NEW YORK, Nov. 12 -- China's efforts in fighting poverty over the past decades has been "a huge success" amid the sustained growth in the country driven by reform and opening-up, a U.S. development economist and Nobel laureate has said.
"China has experimented a lot to find ways to improve economic development and to reduce poverty, and in that process, it's been very successful," Michael Kremer, a Harvard professor whose research examines education and health in developing countries, immigration and globalization, told Xinhua in a recent interview.
A decentralized approach "combined with appropriate incentives has been a powerful ingredient behind China's success in fighting poverty," said Kremer, who received the 2019 Nobel Prize in Economics, together with MIT professors Esther Duflo and Abhijit Banerjee for their "experimental approach to alleviating global poverty."
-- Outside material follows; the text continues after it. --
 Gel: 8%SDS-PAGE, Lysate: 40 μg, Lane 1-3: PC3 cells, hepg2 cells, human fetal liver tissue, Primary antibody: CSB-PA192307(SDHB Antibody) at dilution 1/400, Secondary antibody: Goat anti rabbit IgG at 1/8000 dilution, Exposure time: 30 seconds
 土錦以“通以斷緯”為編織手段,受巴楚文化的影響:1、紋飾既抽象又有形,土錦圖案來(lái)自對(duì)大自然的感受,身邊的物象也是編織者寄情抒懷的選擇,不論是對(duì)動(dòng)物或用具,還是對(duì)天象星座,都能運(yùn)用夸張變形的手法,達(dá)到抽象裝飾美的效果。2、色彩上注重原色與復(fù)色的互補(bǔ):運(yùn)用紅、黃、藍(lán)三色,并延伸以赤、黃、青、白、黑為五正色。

Another element behind China's success in poverty relief "is the process of experimentation," in which new policies are often introduced in a particular region before being spread more broadly, according to him.
China has made historic achievements in fighting poverty, making the country a major contributor to the world's poverty reduction endeavors.
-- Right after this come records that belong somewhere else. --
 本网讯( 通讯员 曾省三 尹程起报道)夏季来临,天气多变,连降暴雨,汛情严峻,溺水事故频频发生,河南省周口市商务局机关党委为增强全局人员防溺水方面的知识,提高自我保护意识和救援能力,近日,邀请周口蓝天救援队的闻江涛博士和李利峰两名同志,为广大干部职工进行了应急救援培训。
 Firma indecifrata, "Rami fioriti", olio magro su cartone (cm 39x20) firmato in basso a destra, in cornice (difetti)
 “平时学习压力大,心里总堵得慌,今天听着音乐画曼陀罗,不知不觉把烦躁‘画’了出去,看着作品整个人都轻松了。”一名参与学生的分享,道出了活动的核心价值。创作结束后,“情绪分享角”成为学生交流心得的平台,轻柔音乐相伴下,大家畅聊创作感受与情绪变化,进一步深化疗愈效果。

Since the founding of the People's Republic of China in 1949, it has lifted over 800 million people out of poverty, which represent over 70 percent of global poverty reduction.
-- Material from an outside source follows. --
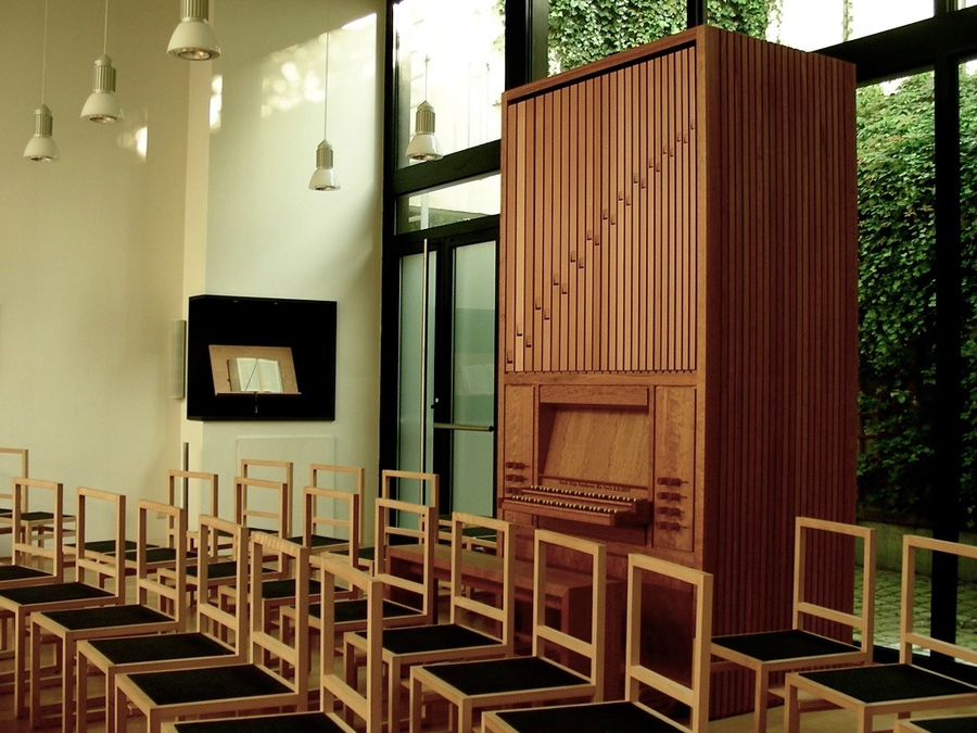 Wenige Jahre nach der Einweihung kam ein neuer Pfarrer, ein begeisterter Kirchenmusiker. Die vorhandene kleine Truhenorgel stellte ihn nicht zufrieden. Die Gemeinde kontaktierte mich in großer Sorge. War es möglich, eine Orgel so zu gestalten, dass sie in diesem schlichten, horizontal geprägten Raum nicht alles dominiert und zu einer Art Hochaltar wird? Ich habe gemeinsam mit dem niederländischen Orgelbauer Henk Klop ein Instrument entwickelt, das sich gut einfügt. Wer genau hinschaut, sieht, dass das Orgelgehäuse Formelemente der Bestuhlung zitiert und die minimalistische Ästhetik des Instruments mit der liturgischen Einrichtung der Kirche ein harmonisches Gesamtbild ergibt. Die Formgestalt folgt radikal funktionalistisch den physikalischen Erfordernissen des Instrumentenbaus. Sichtbar wird dieses Gestaltungsprinzip in der Kurve der Labien. Die elegante abgetreppte Linie ist das einzige Ornament an diesem Orgelgehäuse und kommt sozusagen vom lieben Gott.

A whole set of reforms and openness are important drivers for China's robust growth for decades, the development economist said.
"One of the things that's particularly amazing about China is not only the extremely high growth rates, but those have been sustained for four decades ... So that type of consistent growth is very rare," said Kremer, highlighting the country's principle of trying to get economic growth through openness and its overall economic reform.
The Nobel laureate noted that the country's attention to a social safety net is "very valuable."
As China has grown, the country is trying to address the problem of individuals who are poor for a variety of reasons and tries to provide a social safety net, whether that's through education system, healthcare system or pensions, said Kremer.
The development economist said it is a long and arduous task to ease poverty and improve people's well-being.
"In China's case, there's the added dimension of the huge migration that leaves so many elderly people separated from their families," Kremer said.
"So devising ways not just to address the economic needs of the elderly, but also the broader health needs and the social needs, is going to be a very important challenge for China going forward," he said, noting the country's approach of trying to be open and trying to experiment is conducive to addressing the challenges.
China still had 16.6 million rural people living below the national poverty line at the end of 2018, with more than half of them living in the country's less-developed western region.
The country aims to wipe out extreme poverty by 2020, 10 years earlier than the deadline set by the United Nations in its 2030 Agenda for Sustainable Development and its 17 Sustainable Development Goals.